クロウの目が一瞬震えたのを僕は見逃さなかった。


「俺は信憑性のない情報には耳を貸さないようにしているんだ」


「認めないだけで情報は入ってくるでしょ?」


「……で、なんだ?」


クロウも何か察したのか軽く僕の方へ目を向けた。


「この世界で一番強いテトラスって、クロウはなんだと思う?」


クロウの反応が気になってすごく遠まわしに聞いてしまったけれど。

さほど動揺してはいないようだった。


「この世界でって、テトラスが組織されているのは東部だけで西部にはそういった概念はないが」


そういえばロイとクロウは西部にも逃げていたっけか。


「じゃあ東部だけでいいよ」


「さぁな。さして興味がないからな」


そうだろうよ。クロウの興味って一体何かそれも気になるけれど。


「テトラス・エドって知らない?」


「さぁな」


「聞いたこともないの?」


「あぁ」



――お前はなにが知りたいんだ?



クロウの口から知っているという情報を聞き出すことには最初から期待はしていなかった。

心の声が聞こえるのを待っていたんだ。

ただクロウは心を閉ざすのが上手いのか、あまり確証のある情報は得られなかったけれど。

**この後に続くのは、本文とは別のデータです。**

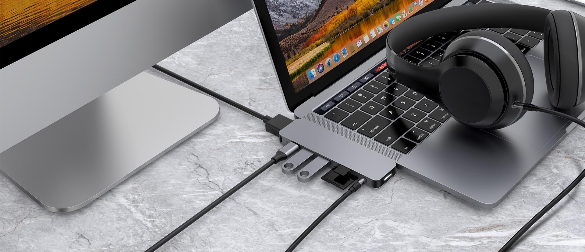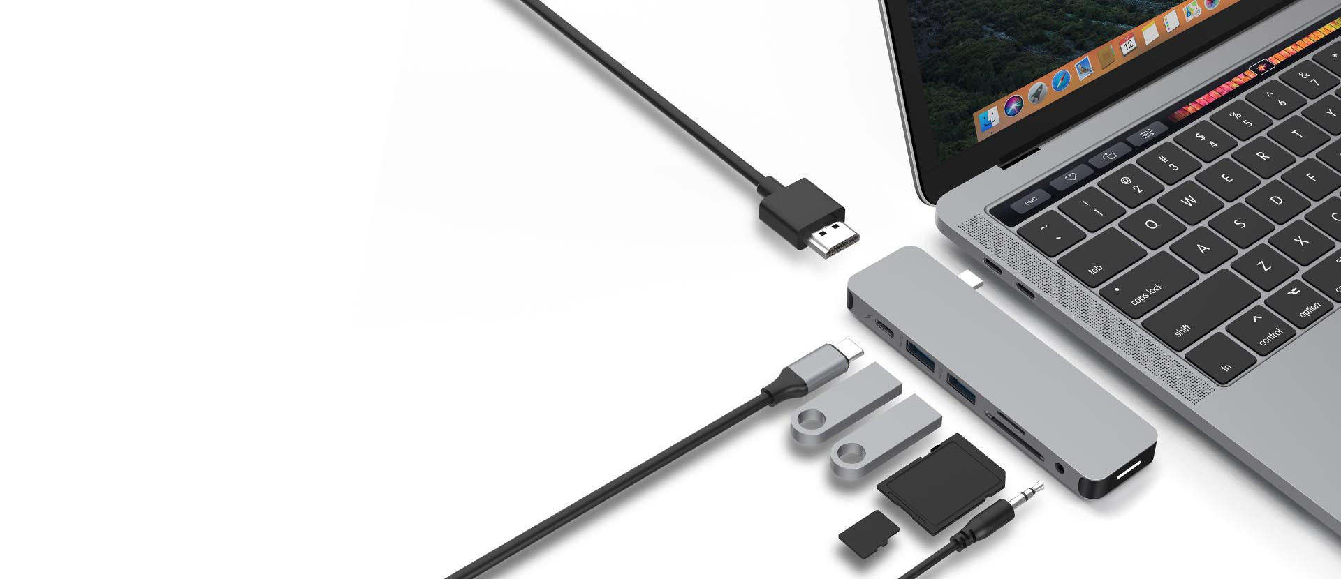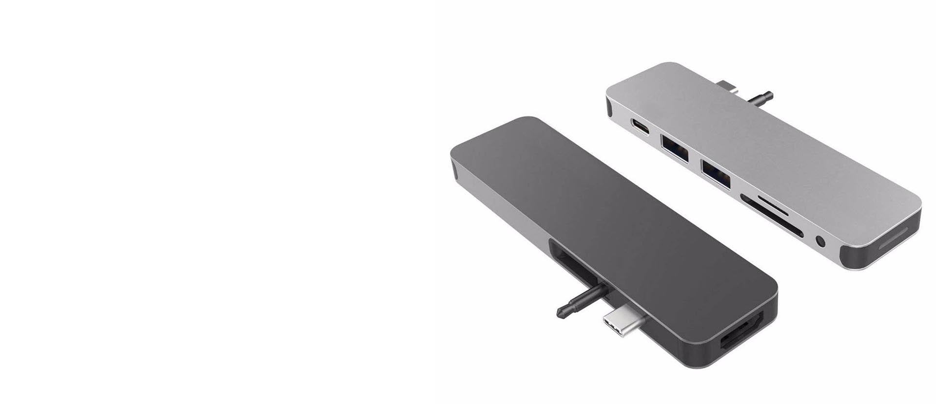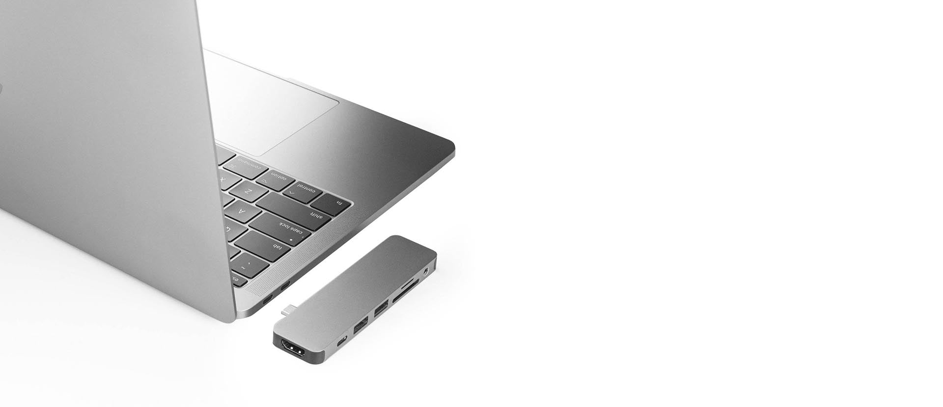 Form-fitting USB-C Hub for MacBook Pro and Air. This USB-C docking station attaches to MacBook adding 7 ports: 4K HDMI output, USB-C power delivery, and more.
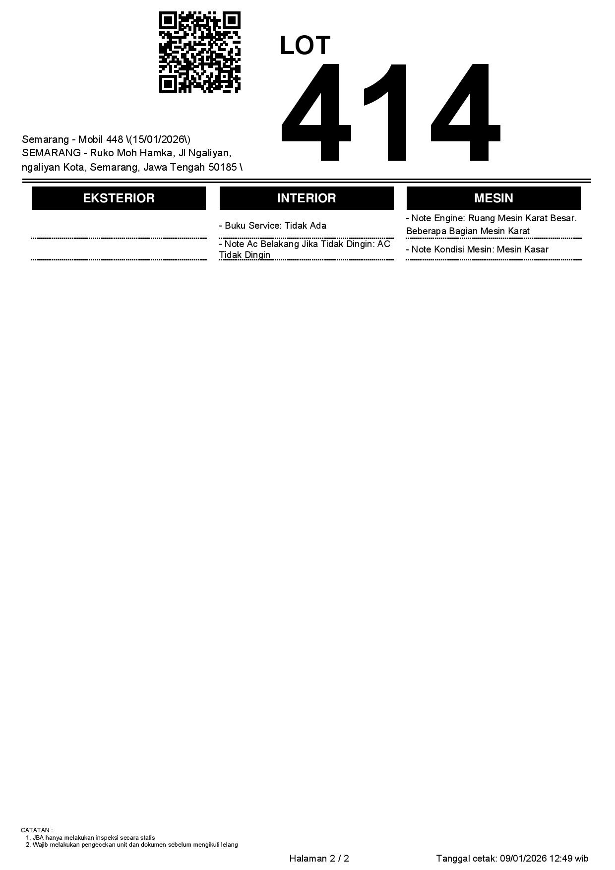 1. Peserta lelang wajib cek unit & dokumen
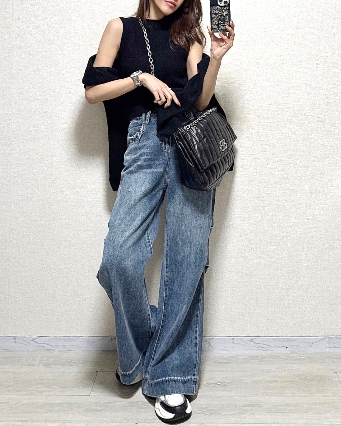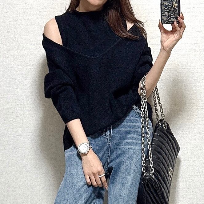 ボトルネックノースリニットとゆっるとしたVネックニットプルオーバーで今年らしいスタイリングにアップデートしてくれます
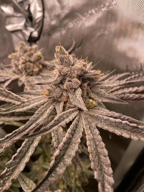 Die Yuzu Burn ist extrem frostig. Selbst die großen Blätter sind mit Trichomen überzogen, sieht schon fast surreal aus. Der Name ist Programm: Sie riecht tatsächlich nach Yuzu, also nach einer Mischung aus Zitrone, Orange und Mandarine. Am Anfang war sie die langsamste im Wachstum und jetzt ist sie die größte im Zelt …
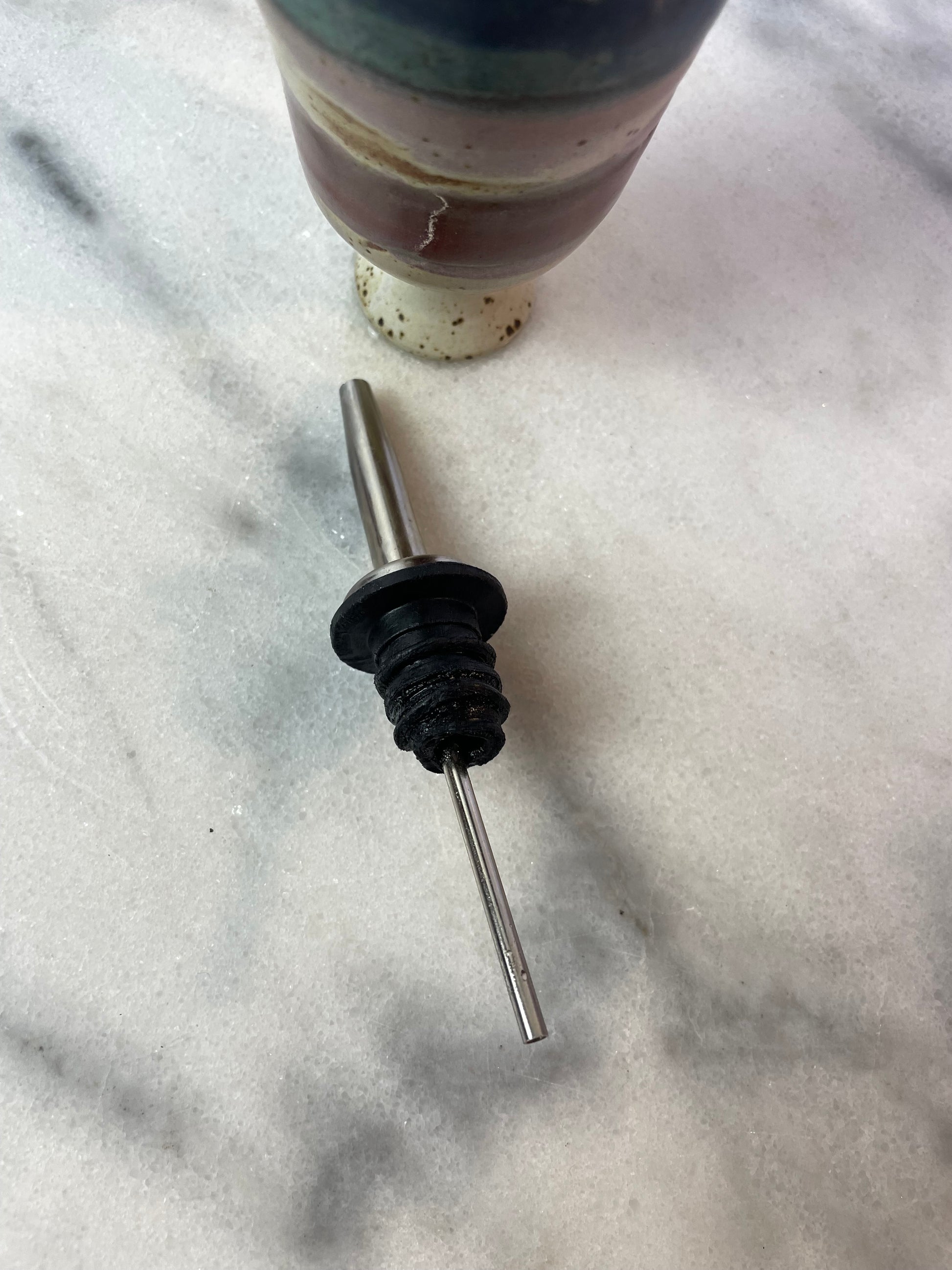 - Bottle is in good condition. Olive oil attachment has some wear on the stopper as pictured.
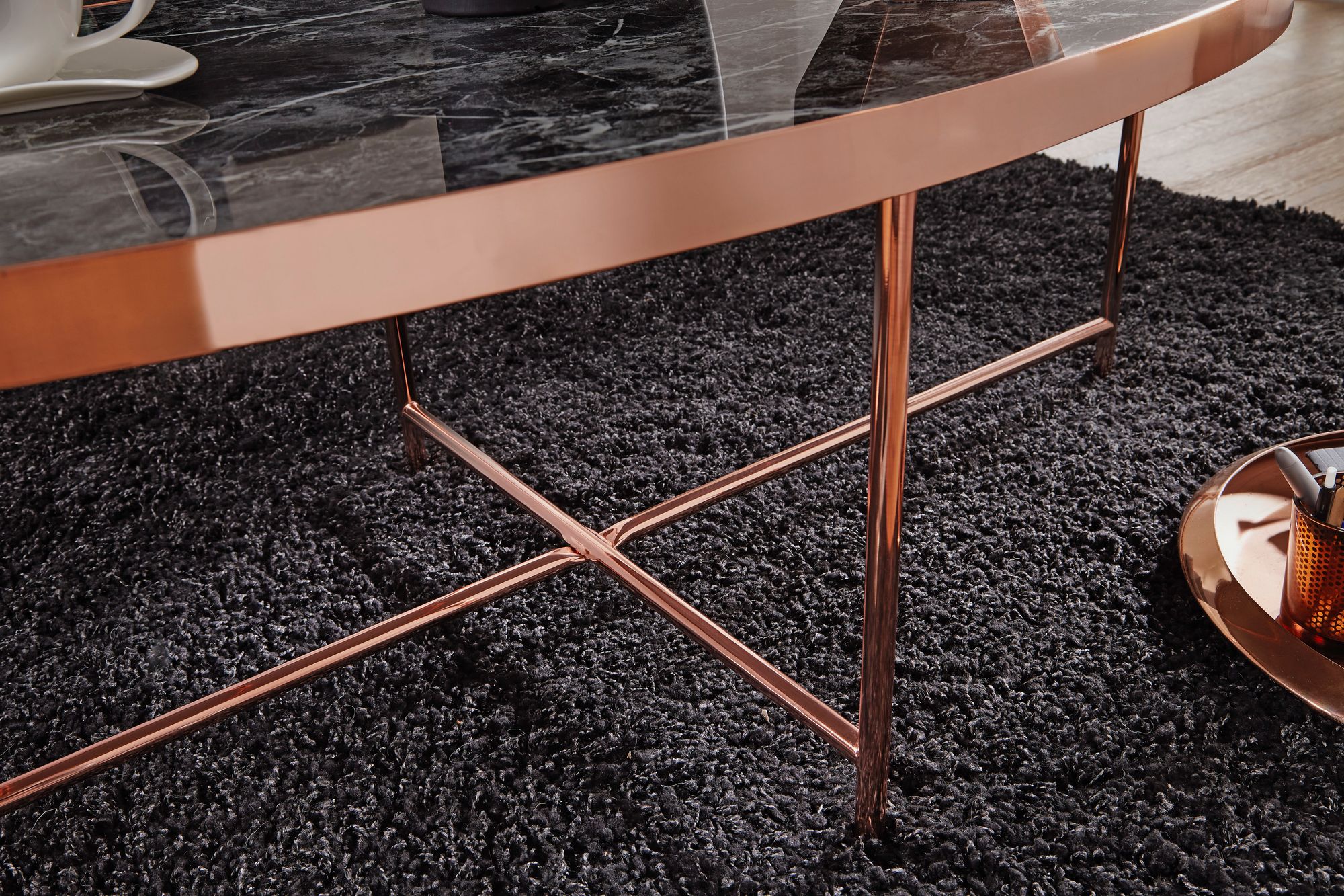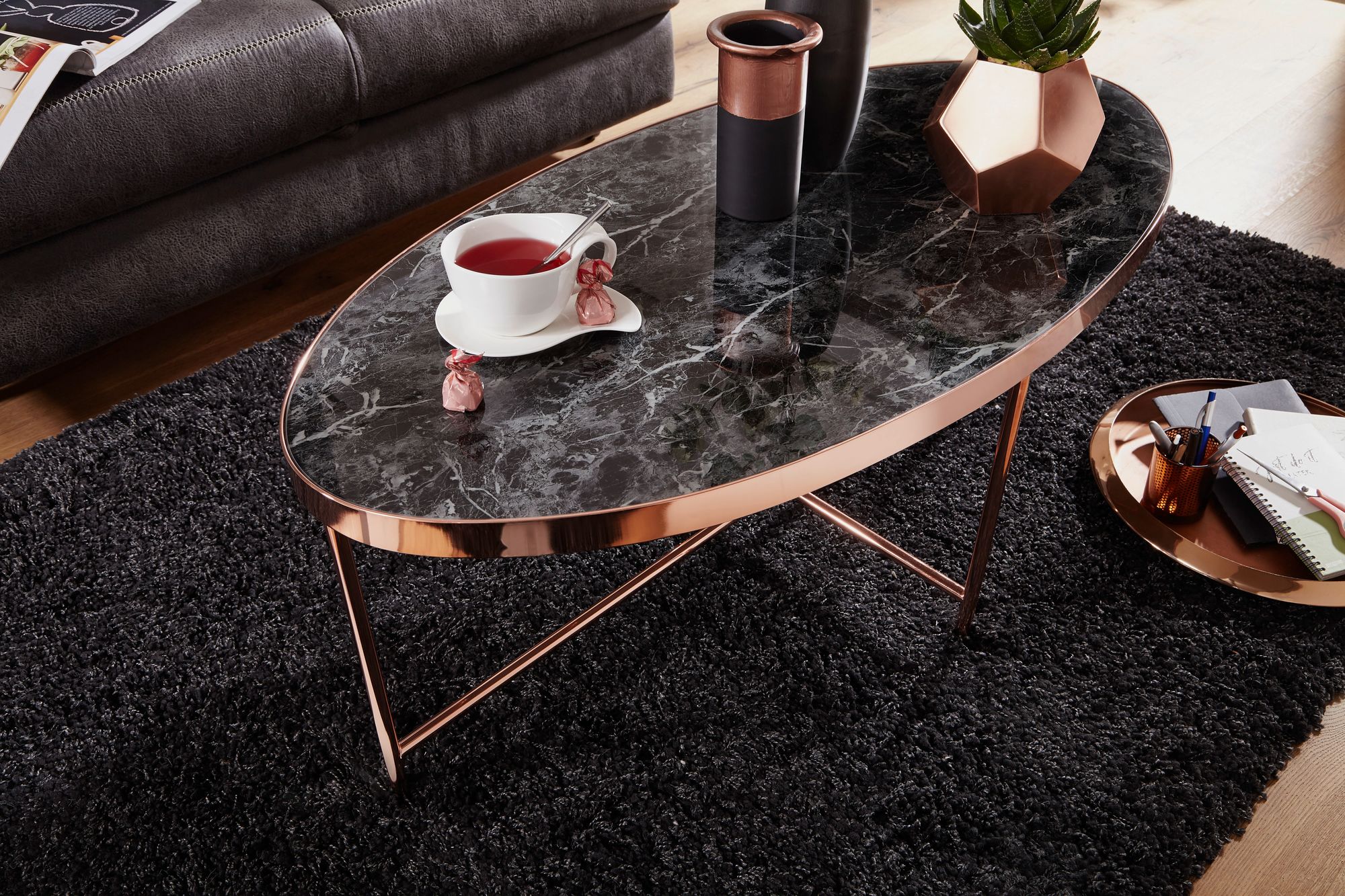 WOHNLING Design Couchtisch WL5.990 Marmor Optik Schwarz - Oval 110 x 56 cm mit Kupfer Metallgestell | Großer Wohnzimmertisch | Lounge Tisch
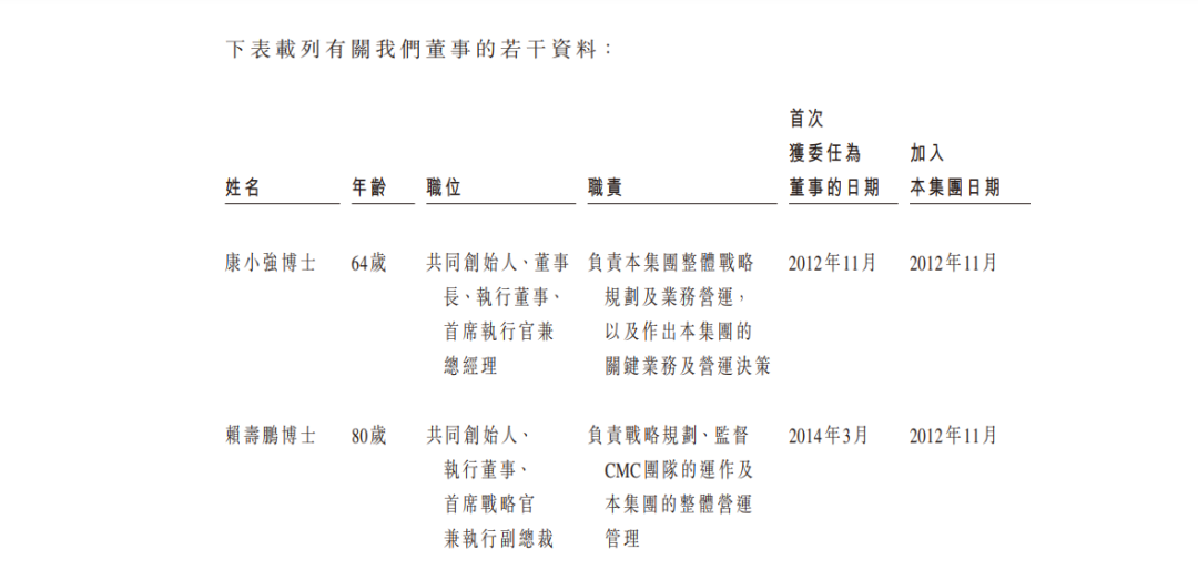 根据招股书显示,共同创始人赖寿鹏博士,今年已经80岁了。
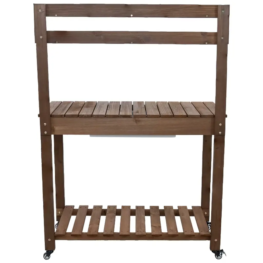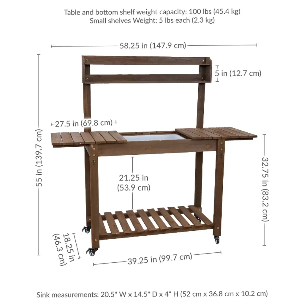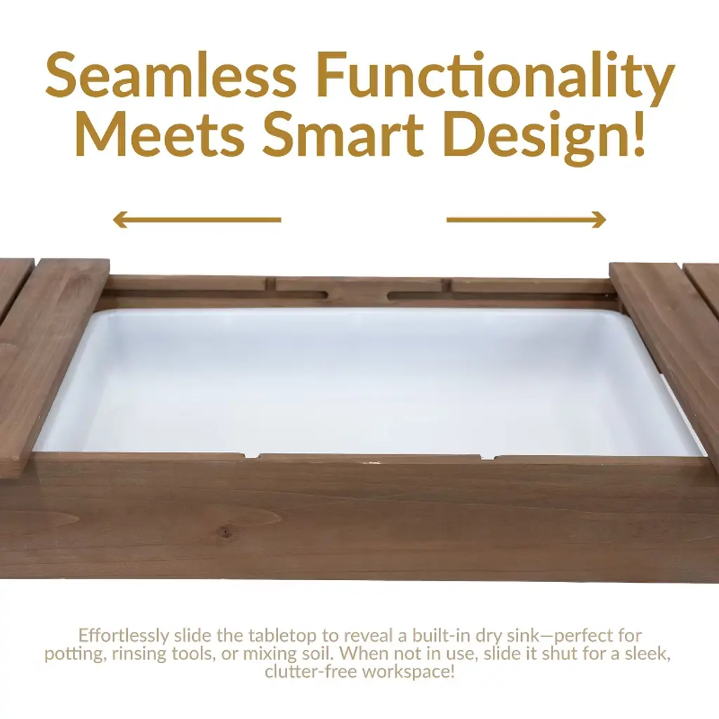 This fir wood planting table combines practicality and durability, making gardening tasks more efficient and organized. The sliding tabletop design provides a spacious work surface and reveals a polyethylene dry sink, which is useful for potting plants, rinsing tools, or mixing soil with ease. Crafted from sturdy fir wood with a stained finish, the outdoor garden table offers both strength and a natural aesthetic that complements any garden, patio, or greenhouse. The removable 360-degree rotating wheels allow for effortless mobility, making it easy to move the bench as needed. Built-in hooks provide a convenient place to keep frequently used gardening tools within reach, reducing clutter and maximizing efficiency. A lower storage shelf adds additional space for pots, soil, and other essentials. Whether used for planting, organizing supplies, or preparing seedlings, this versatile potting bench is a valuable addition to any outdoor or gardening space, offering both functionality and charm.• CONVENIENT DESIGN: Measuring 39.25" W (58.25" W when fully extended) x 18.25" D x 55" H (52.75" H without the caster wheels attached), this gardening table provides ample workspace without taking up too much room. The table height is 32.75" H (30.5" H without the caster wheels). The wide tabletop offers plenty of space for potting plants and organizing gardening supplies, while two small 34" W x 3.75" D upper shelves keep smaller tools, seeds, or decorative items within easy reach.• BUILT TO LAST OUTDOORS: Crafted from solid fir wood with a protective brown stain finish, this gardening bench is designed for durability and longevity in outdoor settings. The table and bottom shelf weight capacities are 100 lbs each, the small upper shelves are 5 lbs each. The sturdy construction provides a stable workspace for potting and organizing gardening essentials, while the polyethylene dry sink (20.5" W x 14.5" D x 4" H) resists moisture and is easy to clean.• ALL HARDWARE INCLUDED: This outdoor potting bench includes the hardware, 2 garden tool hooks, casters, and wood pieces needed to assemble the potting table, ensuring nothing is missing for a full setup. A crosshead screwdriver and a 10mm wrench (not included) are required for construction, allowing for a secure and sturdy final build.• FLEXIBLE MOBILITY AND STABILITY: Designed for versatility, this greenhouse table includes two locking casters and two non-locking casters, making it easy to move between work areas and secure in place when needed. For those who prefer a stationary setup, the casters can be left off entirely, allowing the bench to remain firmly in one spot.• WORRY-FREE PURCHASING: Sunnydaze Decor backs its products with a 1-year manufacturer's warranty.

「そっか。クロウだったら何か知ってると思ったんだけどな」


そこで僕はクロウに揺さぶりをかける。


「じゃあロイにも聞いてみようかな」


チラリ。

ロイの名前を出したんだ。もしロイが何か関係しているならクロウのことだ、何か反応を見せるはず。


「勝手にしろ」


僕の思惑とは裏腹にクロウは平然と、声色一つ顔色一つ変えることはなかった。



――どうせ知らない。



クロウの心も僕の期待を裏切っていた。

勝手にしろと言われたからには勝手にさせてもらおう。

クロウの下から離れて僕はロイのもとへと足を止める。


「ロイ、身体の具合は大丈夫?」


「うん。結構良くなったよ」


決して笑いはしないけれど、ロイの声は震えることもなく半年前のロイの声に戻っていた。

少しは安心してくれたのだろうか。


「クロウから二、三日前の襲撃が一番大変だったって聞いたんだけど、大丈夫そうでなによりだよ」


「死ぬかと思ったけれどね。死ぬわけにはいかないって思ったんだ」


何度も死ぬ思いを経験しているというのに。

意外とロイが前向きな考えを持っていたことに少し驚きはしたけど単純に嬉しかったのは確かだ。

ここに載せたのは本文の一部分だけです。